Our results are in agreement with the expected similarity of HB4a and its derived clone C5.2, which differ only in respect to the overexpression of ERBB2 in the latter, and show a very similar miRNA expression profile for both cells. Using the criteria adopted here, we found exactly the same number of expressed miRNAs (542 Figure 3a,b) for both cell lines. Out of these, a small fraction of 2.76% and 3.3% were differentially represented by one or another NGS platforms (respectively in HB4a and C5.2). The full list of miRNAs identified for both cell lines, as well as their normalized level of expression (given in RPKM - Reads Per Kilo base Per Million - which, for normalization, considers transcript length and sequencing depth) for both platforms is given in Table S3. Lists of miRNAs with significant differences in representation by one or another NGS platform are given in Tables 2 and 3.

Our next step was to investigate which factors could have impacted the differential representation of miRNAs by these platforms. As the chemistry used by the PGM is prone to errors in homopolymeric regions, we investigated the effect of repeats of 2, 3, or 4 nt on the differentially represented miRNAs. However, no significant differences were found.
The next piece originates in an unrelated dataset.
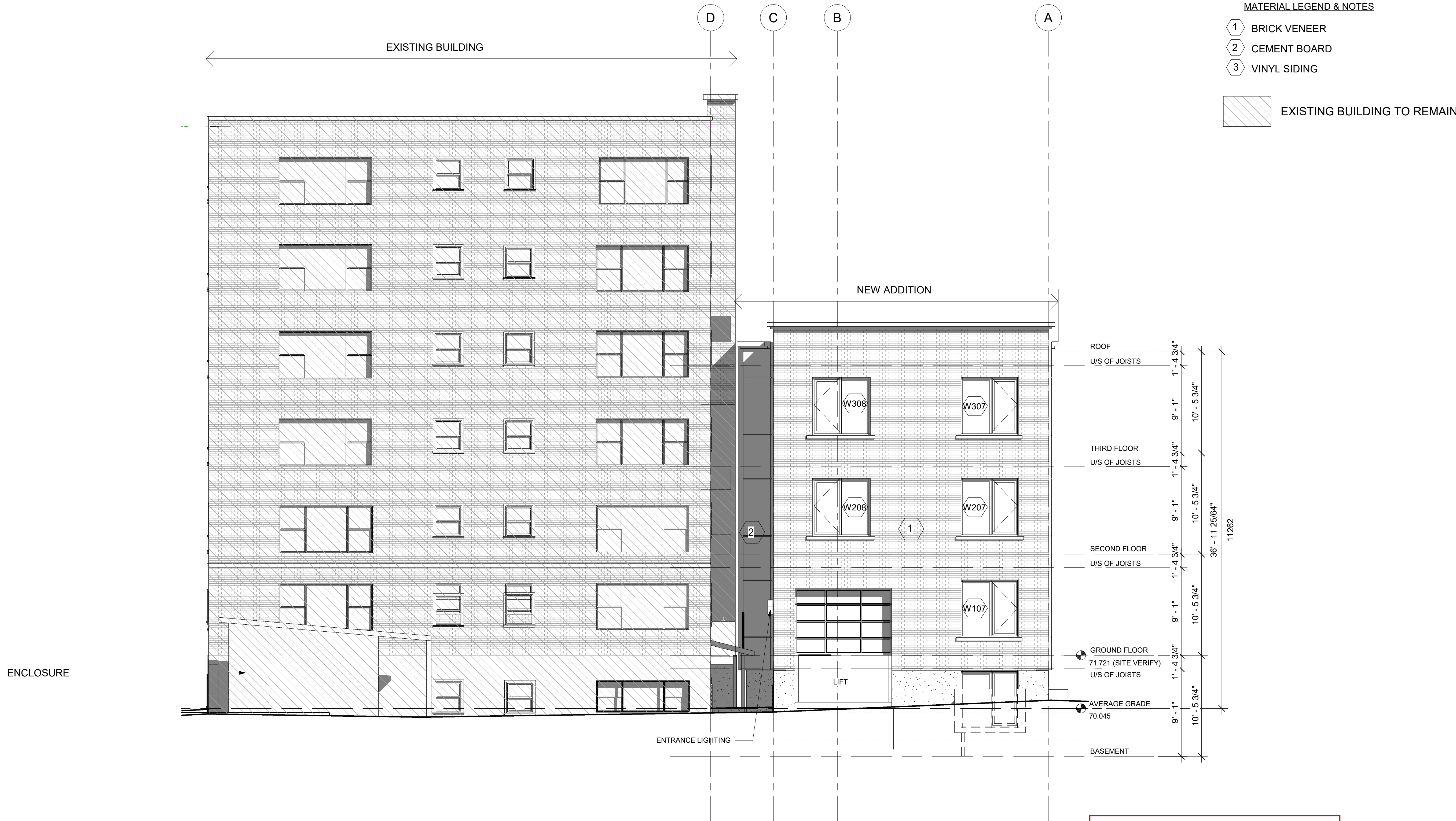
1 Rear ( South) Elevation 3/16" = 1'-0"

We further evaluated whether the primary sequences of these miRNAs would contain discrepant amounts of any of the bases or GC content. We found that the miRNAs over-represented by PGM had higher content of uracyls (34.4% in PGM x 25% in SOLiD; p=0.047) whereas miRNAs with increased levels in SOLiD were richer in adenines (28.9% in SOLiD x 19.2% in PGM; p =0.0363) (Figure S2, Table S4).
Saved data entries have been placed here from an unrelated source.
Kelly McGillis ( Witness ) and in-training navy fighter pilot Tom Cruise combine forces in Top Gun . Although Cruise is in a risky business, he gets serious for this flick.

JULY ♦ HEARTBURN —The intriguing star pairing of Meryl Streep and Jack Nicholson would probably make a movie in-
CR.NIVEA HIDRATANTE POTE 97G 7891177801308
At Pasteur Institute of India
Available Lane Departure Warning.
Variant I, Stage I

As we continued to evaluate if the structural composition of the mature miRNA sequences could interfere with its representation in the NGS platforms, we considered compositional biases involving continuous stretches of nucleotides, where a nucleotide is followed, preceded or found in continuous homogeneous stretches. The overplotting of the compositional bias of PGM-, SOLiD-, or the overall miRBase composition revealed some significant trends (Figure 4). A careful analysis showed a significant bias for continuous uracyl stretches in PGM compared to SOLiD, as well as to miRBase (respectively p -values of 0.007 and 0.031), a finding that could indicate an overrepresentation of these miRNAs in PGM-derived data. For the set of differentially represented miRNAs in PGM, node degrees were statistically different for all uracil nucleobase edge types (Figure 5).
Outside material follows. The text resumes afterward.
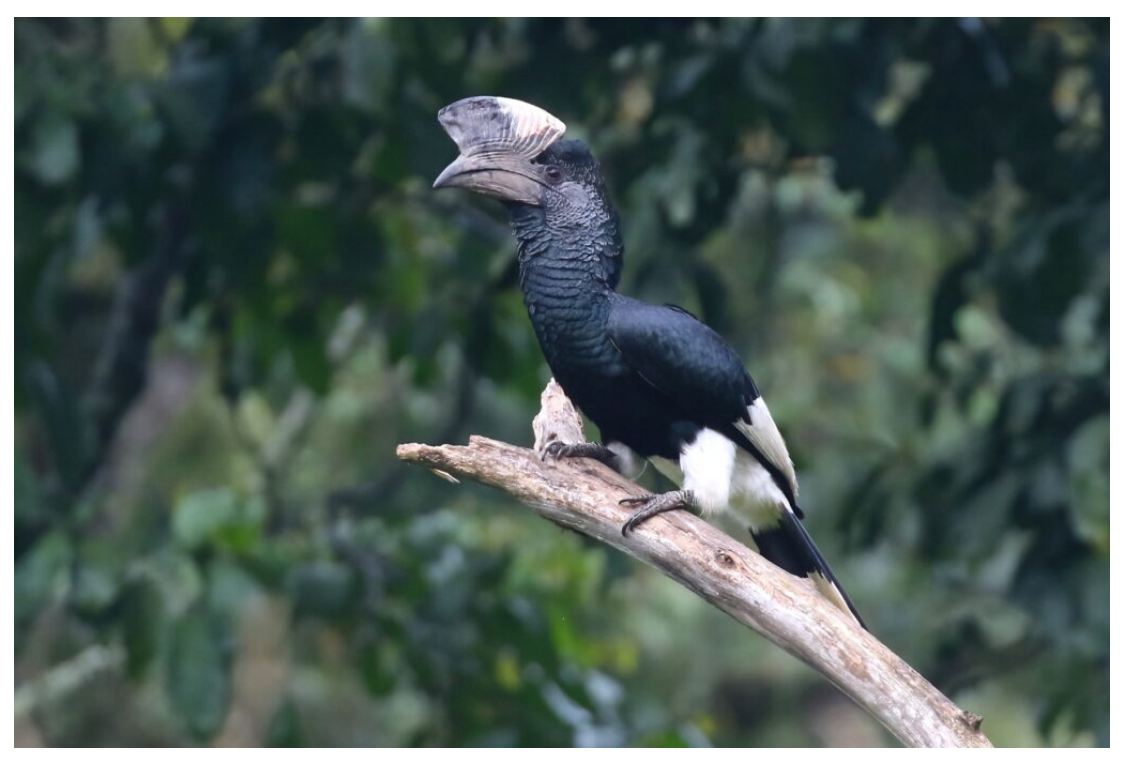
Black-and-white-casqued Hornbill

Overplot of all graphs from the differentially represented miRNAs
found in PGM (a) and SOLiD (b), compared to the overall compositional
trend of all miRNAs available in miRBase (c). Both size and color of a
node or edge describe their weights, where thin green and thick red
representations describe the minimum and maximum number of connections
each graph, respectively.
Figure 4
Overplot of all graphs from the differentially represented miRNAs found in PGM (a) and SOLiD (b), compared to the overall compositional trend of all miRNAs available in miRBase (c). Both size and color of a node or edge describe their weights, where thin green and thick red representations describe the minimum and maximum number of connections each graph, respectively.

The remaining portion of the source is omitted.